# Exercise 1

## Setup

First, let us import some packages that are commonly used in this notebook. Please make sure your packages have been upgraded to the latest version if they do not work. This can be done with pip.

pip install \-\-upgrade [package name] (for Python 2)
<br>
pip3 install \-\-upgrade [package name] (for Python 3)

Please note Python 3 is recommended for this course.

In [1]:
import numpy as np
import pandas as pd

from sklearn.preprocessing import StandardScaler, Imputer
from sklearn.model_selection import train_test_split
from sklearn.metrics import mean_absolute_error, mean_squared_error
from sklearn.datasets import load_boston

from sklearn.linear_model import LinearRegression
from sklearn.neighbors import KNeighborsRegressor
from sklearn.ensemble import GradientBoostingRegressor

## End-to-end machine learning project
In this section, we perform regression tasks for predicting housing prices with regression algorithms implemented by _scikit-learn_. _scikit-learn_ is a popular machine learning library, which features various algorithms on classification, regression and clustering. Most algorithms introduced in this course will be implemented in _scikit-learn_.

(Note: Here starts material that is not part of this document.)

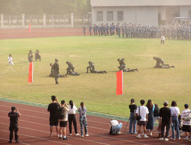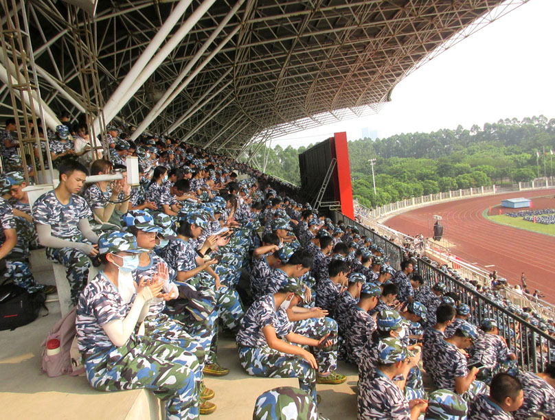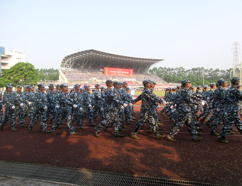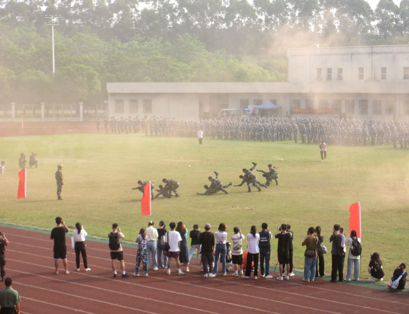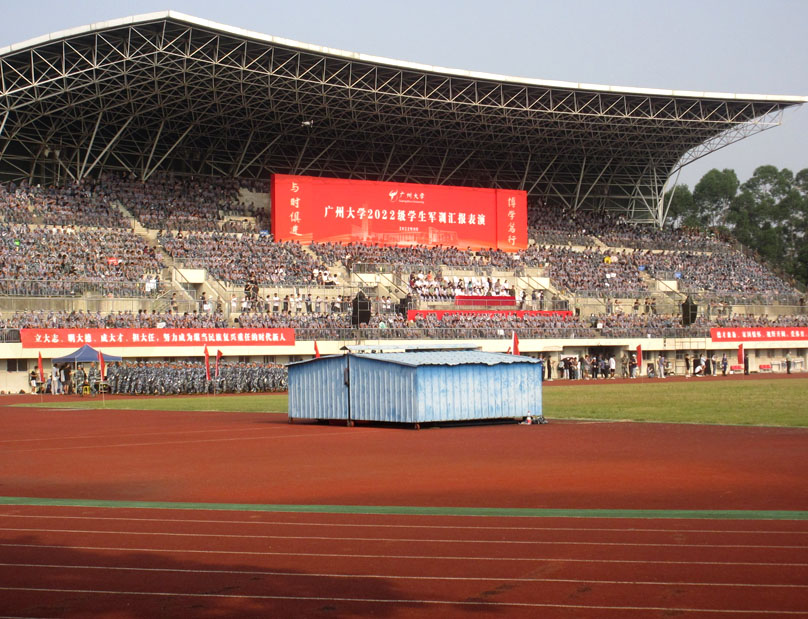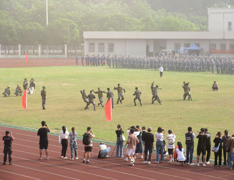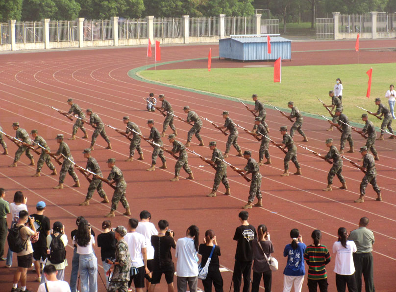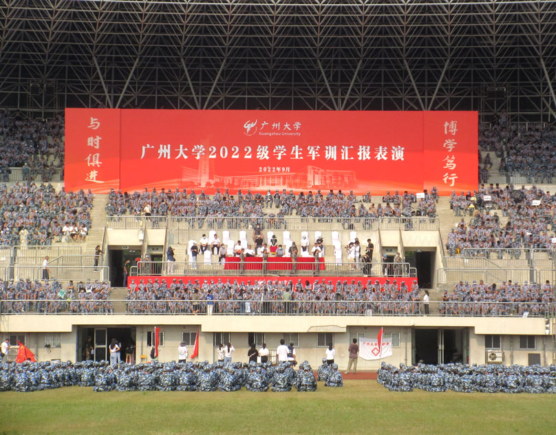 广州大学2022级新生军训汇报表演今上午在教学区运动场进行

### Load Boston housing price dataset
Boston housing price dataset contains 506 samples, each of which consists of 13 features and 1 label of housing price values. The features are:

1. CRIM: per capita crime rate by town.
2. ZN: proportion of residential land zoned for lots over 25,000 sq.ft.
3. INDUS: proportion of non-retail business acres per town.
4. CHAS: Charles River dummy variable (= 1 if tract bounds river; 0 otherwise).
5. NOX: nitrogen oxides concentration (parts per 10 million).
6. RM: average number of rooms per dwelling.
7. AGE: proportion of owner-occupied units built prior to 1940.
8. DIS: weighted mean of distances to five Boston employment centres.
9. RAD: index of accessibility to radial highways.
10. TAX: full-value property-tax rate per $10,000.
11. PTRATIO: pupil-teacher ratio by town.
12. B: 1000(Bk - 0.63)^2 where Bk is the proportion of blacks by town.
13. LSTAT: lower status of the population (percent).

This mini project will let you solve a simple regression problem.

In [2]:
boston = load_boston()
X = boston['data']
y = boston['target']

The full description of Boston housing price dataset can be viewed by the following function.

### Dataset preprocessing
In this section, we will take a look at different features. Please note that these steps are not required in predicting Boston housing prices, but just give you some insights of various types of data.

#### Missing data items

Question:

Try other strategies (for example, replacing missing values with median or most frequent value).

In [None]:
# randomly replace some entries with nan
np.random.seed(42)

X_new = X.copy()
mask = np.random.randint(0, 2, size=X.shape).astype(np.bool)
X_new[mask] = np.nan

In [5]:
# solution
# median
imp = Imputer(strategy='median')
X_replace_with_median = imp.fit_transform(X_new)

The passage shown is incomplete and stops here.